Después de la divulgación responsable el 29 de octubre de 2024, la vulnerabilidad fue abordada en el backend por Langchain como parte de una solución implementada el 6 de noviembre. Además, el parche implementa un mensaje de advertencia sobre la exposición a los datos cuando los usuarios intentan clonar a un agente que contiene una configuración de proxy personalizada.

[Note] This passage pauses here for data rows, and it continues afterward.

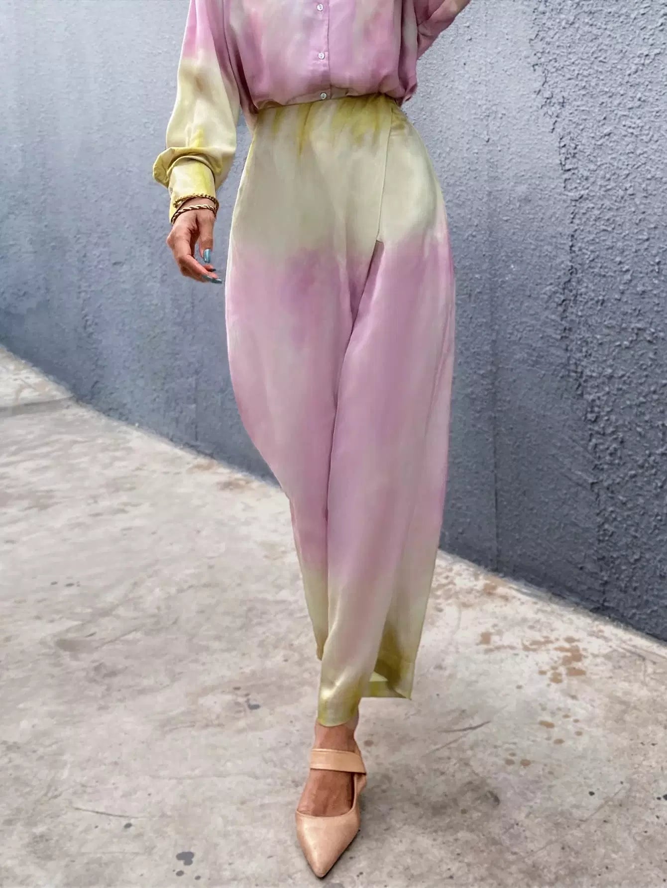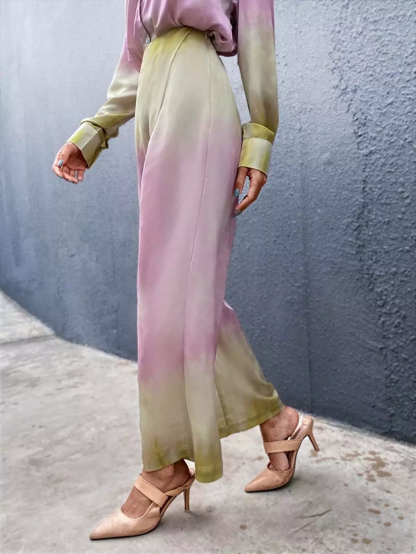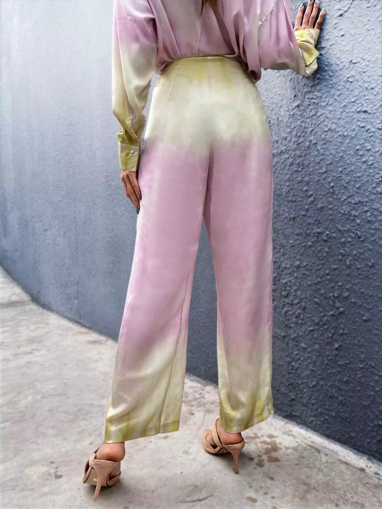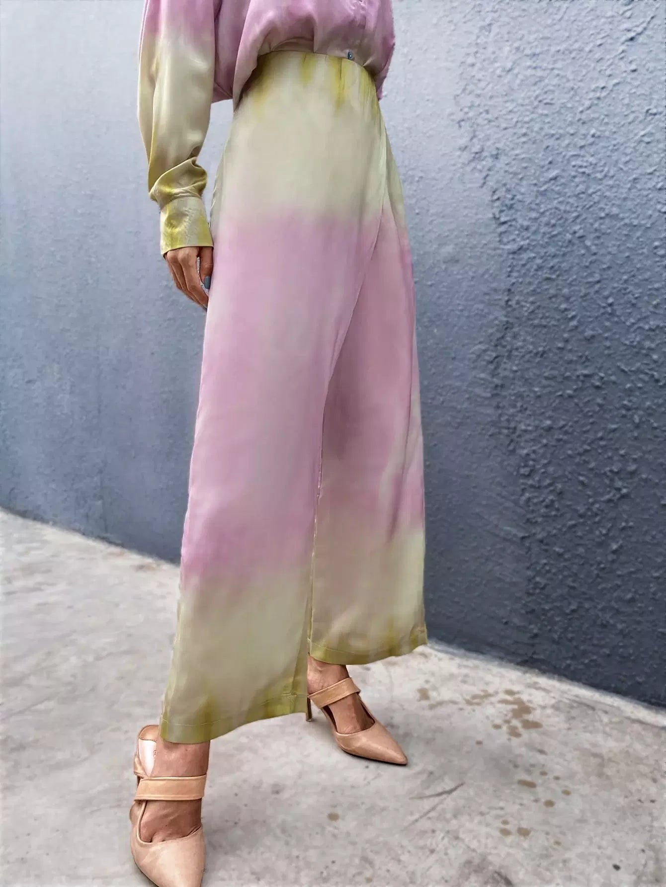 للنساء - بنطال واسع الساق بتفاصيل ملفوفة متدرجة الألوان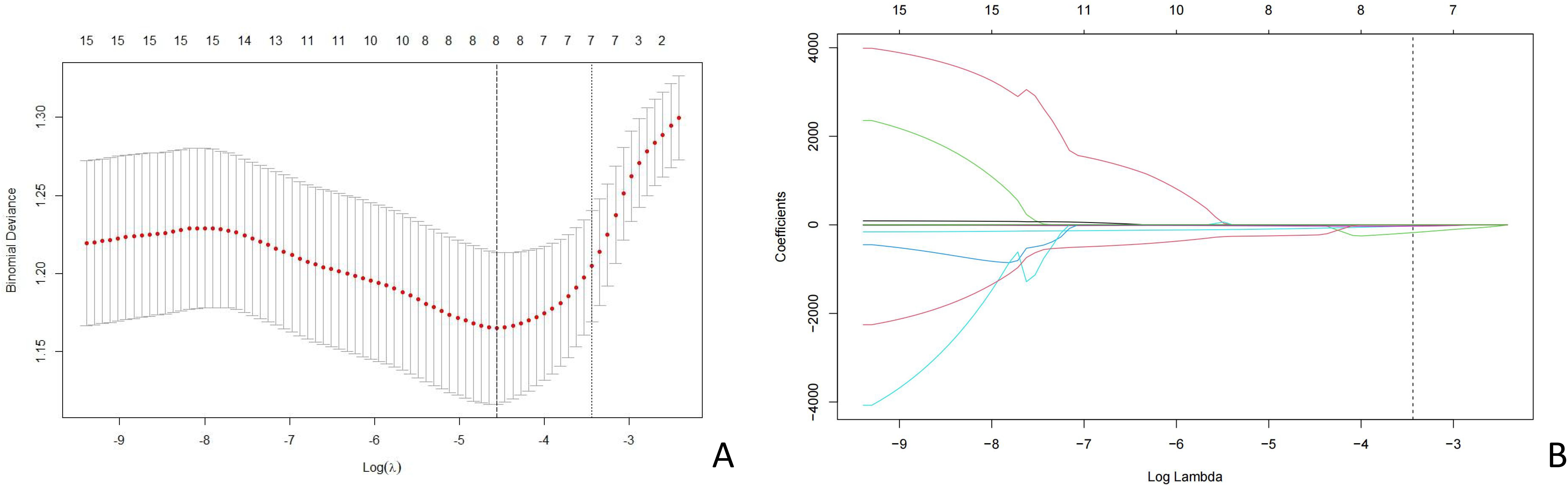 Figure 3. LASSO coefficient profiles of the risk factors. (A) Distribution of the coefficients of 16 features after LASSO regression. (B) Cross-validation curve used to determine the optimal regularization parameter (λ). LASSO, least absolute shrinkage and selection operator.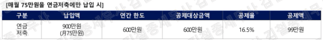 만약 매월 75만원을 연금저축에만 납입했다면 어떨까요? 연금저축 연간 납입액은 900만원이나 한도액은 600만원이므로 한도초과액 300만원은 공제받지 못하고 600만원에 대한 99만원(16.5%)만 공제받게 됩니다.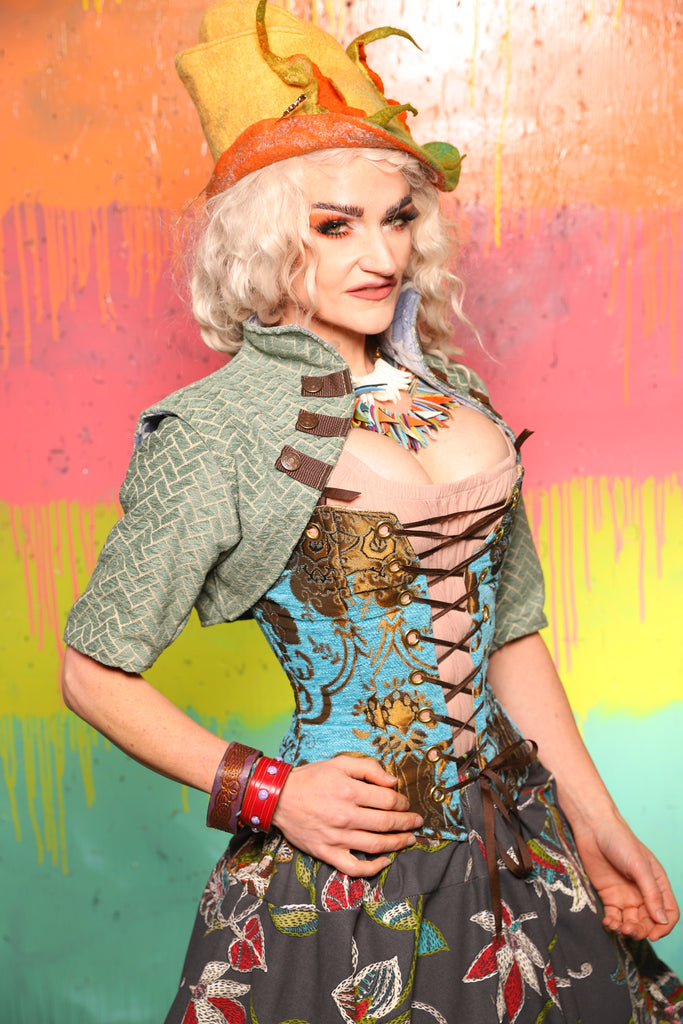 *These sleeves attach sort of like a shrug jacket. They tie in the center upper back through grommets and you pull them on like a jacket and then layer the corset over them!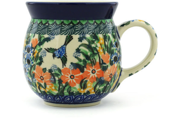 This Polish Pottery 16 oz Bubble Mug - Birds In Flight is handmade and handpainted by the Ceramika Artystyczna factory in Boleslawiec, Poland.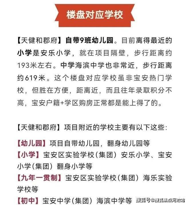 此外,天健和郡府项目步行实际距离约550米便是深圳市宝安中学集团海滨中学(西北门),步行实际距离约740米也可以到达深圳市宝安区海乐实验学校,约950米到深圳市新安中学(集团)初中部,上初中的孩子们这个时候已经很独立了,不到1公里的距离,完全可以自行搞定。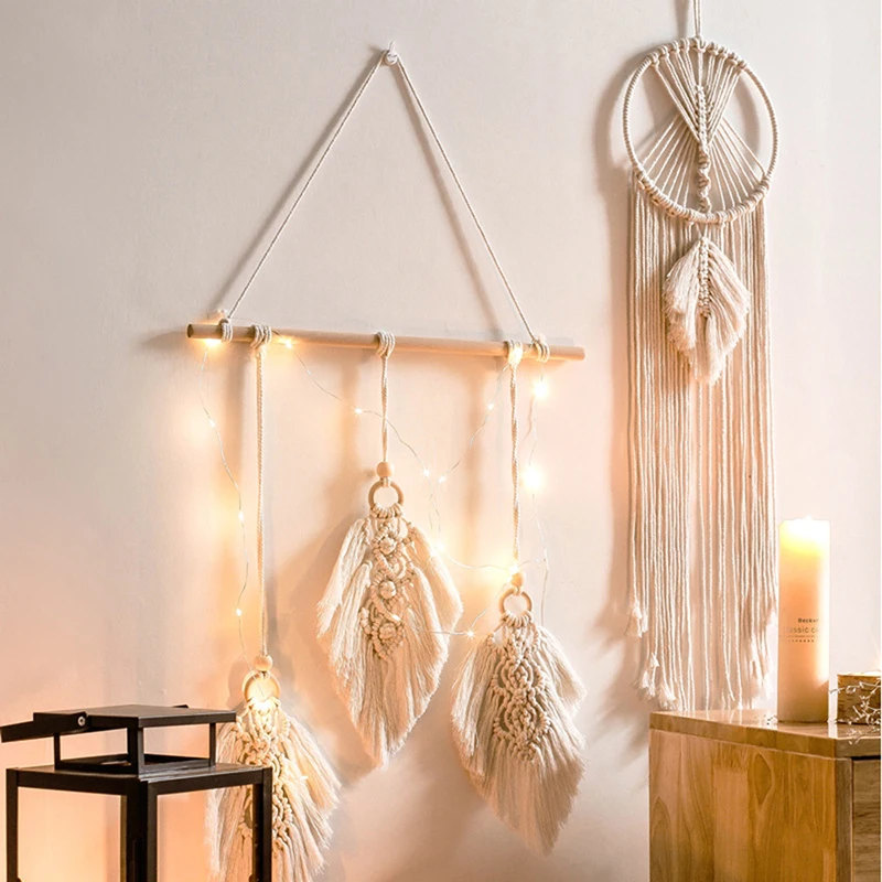 Украшения для дома в стиле бохо с листьями, гобелены, деревянные украшения, ручная работа, макраме, узел, гобелен, домашний декор, настенные украшения, аксессуары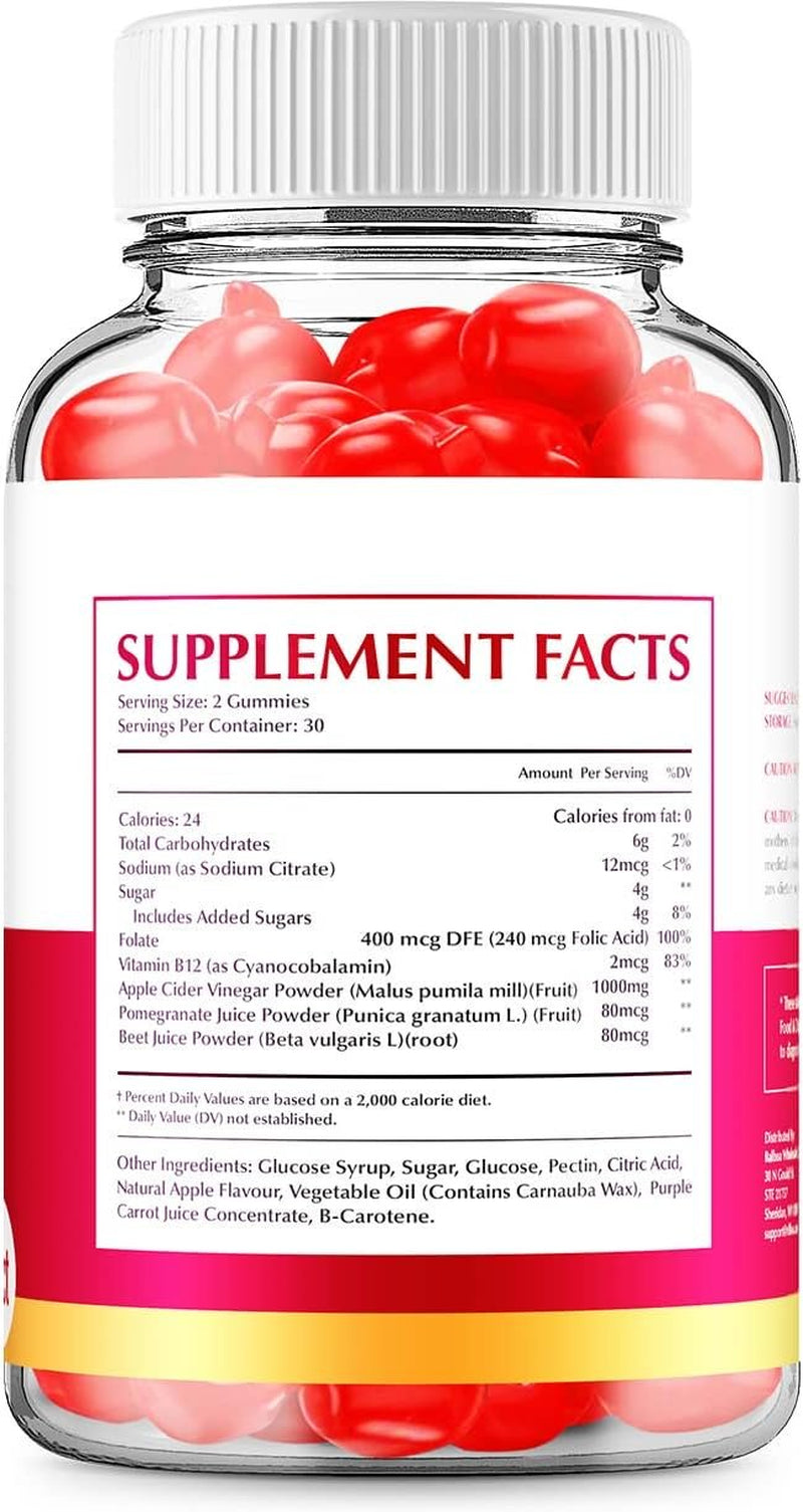 Ingredients: Apple Cider Vinegar, Beet Juice, Beet Root, Pectin, Citric Acid, Folic Acid, Pomegranate, Vitamin B12, Sodium Citrate, Glucose, Sugar, Glucose Syrup, Natural Apple Flavor, Vegetable Oil, Carrot Concentrate, Beta Carotene, Carnuba Wax

«Más allá del riesgo inmediato de pérdidas financieras inesperadas del uso no autorizado de API, los actores maliciosos podrían obtener acceso persistente a conjuntos de datos internos cargados a OpenAI, modelos propietarios, secretos comerciales y otras propiedades intelectuales, lo que resulta en pasivos legales y daños en la reputación», dijeron los investigadores.
Nuevas variantes WORMGPT detalladas
La divulgación se produce cuando Cato Networks reveló que los actores de amenaza han lanzado dos variantes WORMGPT previamente no reportadas que funcionan con Xai Grok y Mistral AI Mixtral.
WORMGPT se lanzó a mediados de 2013 como una herramienta de IA generada sin censura diseñada para facilitar expresamente actividades maliciosas para los actores de amenazas, como crear correos electrónicos de phishing a medida y escribir fragmentos de malware. El proyecto se cerró no mucho después de que el autor de la herramienta fuera expulsado como un programador portugués de 23 años.
Desde entonces, se han anunciado varias nuevas variantes «WORMGPT» en foros de cibercrimen como incumplimientos, incluidos Xzin0vich-Wormgpt y Keanu-Wormgpt, que están diseñados para proporcionar «respuestas sin censura a una amplia gama de temas» incluso si son «poco éticos o ilegales».
«‘WORMGPT’ ahora sirve como una marca reconocible para una nueva clase de LLM sin censura», dijo el investigador de seguridad Vitaly Simonovich.
«Estas nuevas iteraciones de WORMGPT no son modelos a medida construidos desde cero, sino más bien el resultado de que los actores de amenaza adapten hábilmente los LLM existentes. Al manipular las indicaciones del sistema y potencialmente empleando el ajuste de datos ilícitos, los creadores ofrecen potentes herramientas con AI para operaciones cibernéticas cibernéticas bajo la marca WORMGPT».